-------- The input --------

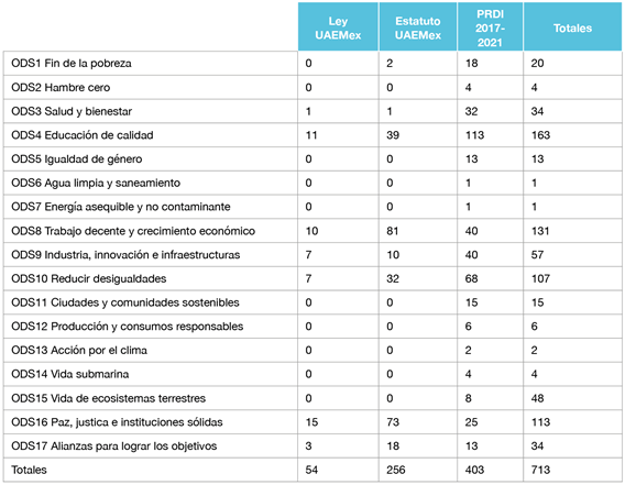 La Ley UAEMex fue actualizada en 2005, el Estatuto UAEMex en 2007, y el PRDI en 2017; se obtuvo que los ODS que aparecen con mayor frecuencia son el objetivo vinculado con la educación (ODS 4) con 161 co-ocurrencias, en segundo lugar, el objetivo de trabajo decente (ODS 8) con 131 co-ocurrencias y tercero al objetivo de paz, justicia e instituciones sólidas (ODS16) con 113 co-ocurrencias.
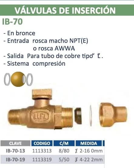 LLAVE INSERCION BOLA PARA COBRE 3/4 COMPRESION-NPT
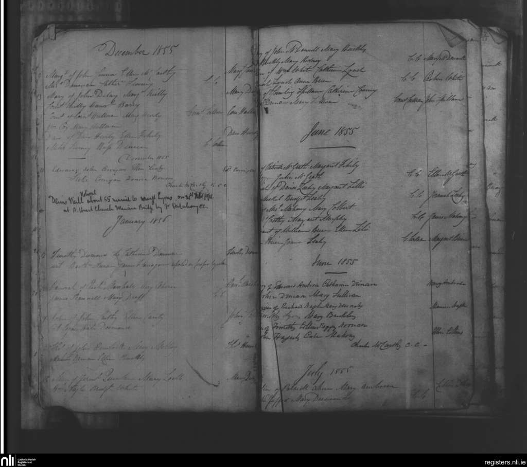 Tracton Abbey; County of Cork; Diocese of Cork and Ross. Baptisms, June 1855 to Jan. 1856
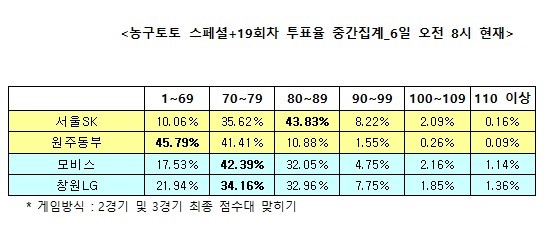 투표율을 살펴보면, SK는 80~89점대가 43.83%로 가장 많이 집계됐고, 원정팀 동부의 경우 69점 이하가 45.79%로 1순위를 기록했다.
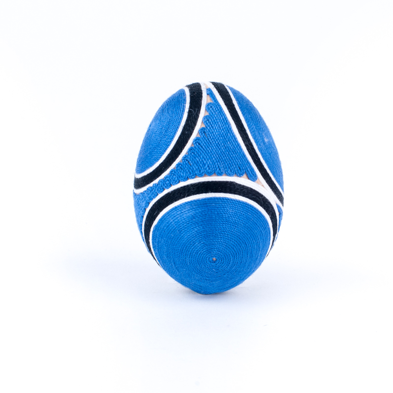 Kraslica oblepovaná bavlnkou modrý vzor- pásiky
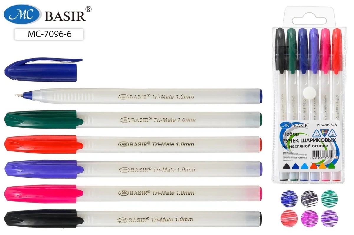 Набор шариковых ручек с чернилами на масляной основе: белый корпус, форма корпуса треугольная, цветной колпачок, в пластиковой упаковке на кнопке с европодвесом; 1 mm, 6 цветов.
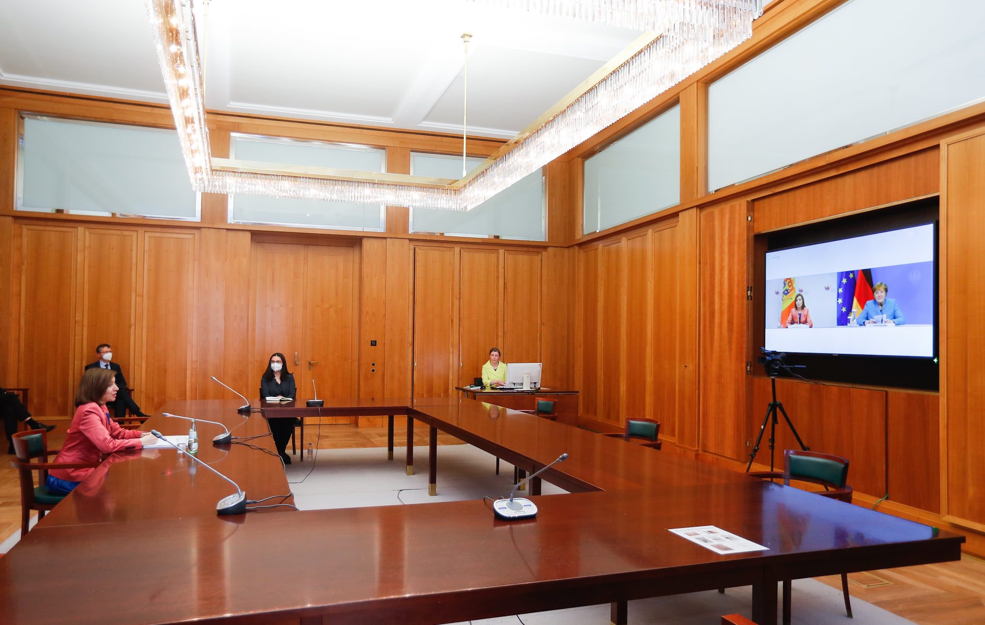 „Am trecut în revistă cu doamna Angela Merkel situația internă din Republica Moldova, provocările cu care ne-am confruntat în ultimele luni și perspectivele pe care le pot deschide alegerile parlamentare anticipate și agenda mea de reforme. Contez pe faptul că Germania va avea grijă ca, în actualele condiții de pandemie, cetățenii Republicii Moldova să poată vota în siguranță la scrutinul din 11 iulie. Doamna cancelar a confirmat intenția țării sale de a trimite observatori la alegeri în cadrul Misiunii OSCE/ODIHR.
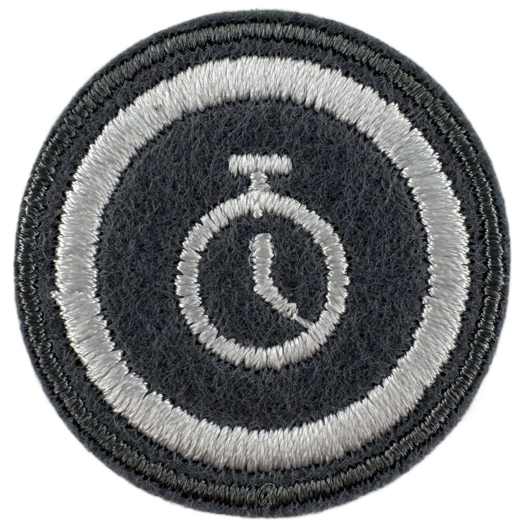 Sprawności harcerskie ZHR żeńskie o średnicy 30mm, haftowana białą nicią na szarym filcu.
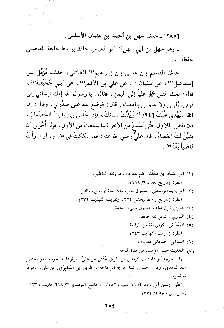 285 - حَدَّثَنَا سَهْلُ بْنُ أَحْمَدَ بْنِ عُثْمَانَ الْأَسْلَمِيُّ وَهُوَ سَهْلُ بْنُ أَبِي سَهْلٍ أَبُو الْعَبَّاسِ حَافَظٌ بِوَاسِطَ خَلِيفَةُ الْقَاضِي حِفْظًا حَدَّثَنَا الْقَاسِمُ بْنُ عِيسَى بْنِ إِبْرَاهِيمَ الطَّائِيُّ، حَدَّثَنَا مُؤَمَّلُ بْنُ إِسْمَاعِيلَ، عَنْ سُفْيَانَ، عَنْ عَلِيِّ بْنِ الْأَقْمَرِ، عَنْ أَبِي جُحَيْفَةَ، قَالَ: بَعَثَ النَّبِيُّ صَلَّى اللهُ عَلَيْهِ وَسَلَّمَ عَلِيًّا إِلَى الْيَمَنِ، فَقَالَ: يَا رَسُولَ اللَّهِ، إِنَّكَ تُرْسِلُنِي إِلَى قَوْمٍ يَسْأَلُونِي وَلَا عِلْمَ لِي بِالْقَضَاءِ، قَالَ: فَوَضَعَ يَدَهُ عَلَى صَدْرِي وَقَالَ: «إِنَّ اللَّهَ سَيَهْدِي قَلْبَكَ، وَيُثَبِّتُ لِسَانَكَ، فَإِذَا جَلَسَ بَيْنَ يَدَيْكَ الْخَصْمَانِ، فَلَا تَقْضِ لِلْأَوَّلِ حَتَّى تَسْمَعَ مِنَ الْآخَرِ كَمَا سَمِعْتَ مِنَ الْأَوَّلِ؛ فَإِنَّهُ أَحْرَى أَنْ يَتَبَيَّنَ لَكَ الْقَضَاءُ»، قَالَ عَلِيٌّ رَضِيَ اللَّهُ عَنْهُ: فَمَا شَكَكْتُ فِي قَضَاءٍ، أَوْ مَا زِلْتُ قَاضِيًا بَعْدُ

--------

What to work on >>
Exactly the lines above from the one that contains "cadrul Misiunii OSCE/ODIHR." down to the one that contains "Sprawności harcerskie ZHR" are to be output, both ends kept and pictures omitted.

Solution to this problem >>
 „Am trecut în revistă cu doamna Angela Merkel situația internă din Republica Moldova, provocările cu care ne-am confruntat în ultimele luni și perspectivele pe care le pot deschide alegerile parlamentare anticipate și agenda mea de reforme. Contez pe faptul că Germania va avea grijă ca, în actualele condiții de pandemie, cetățenii Republicii Moldova să poată vota în siguranță la scrutinul din 11 iulie. Doamna cancelar a confirmat intenția țării sale de a trimite observatori la alegeri în cadrul Misiunii OSCE/ODIHR.
 Sprawności harcerskie ZHR żeńskie o średnicy 30mm, haftowana białą nicią na szarym filcu.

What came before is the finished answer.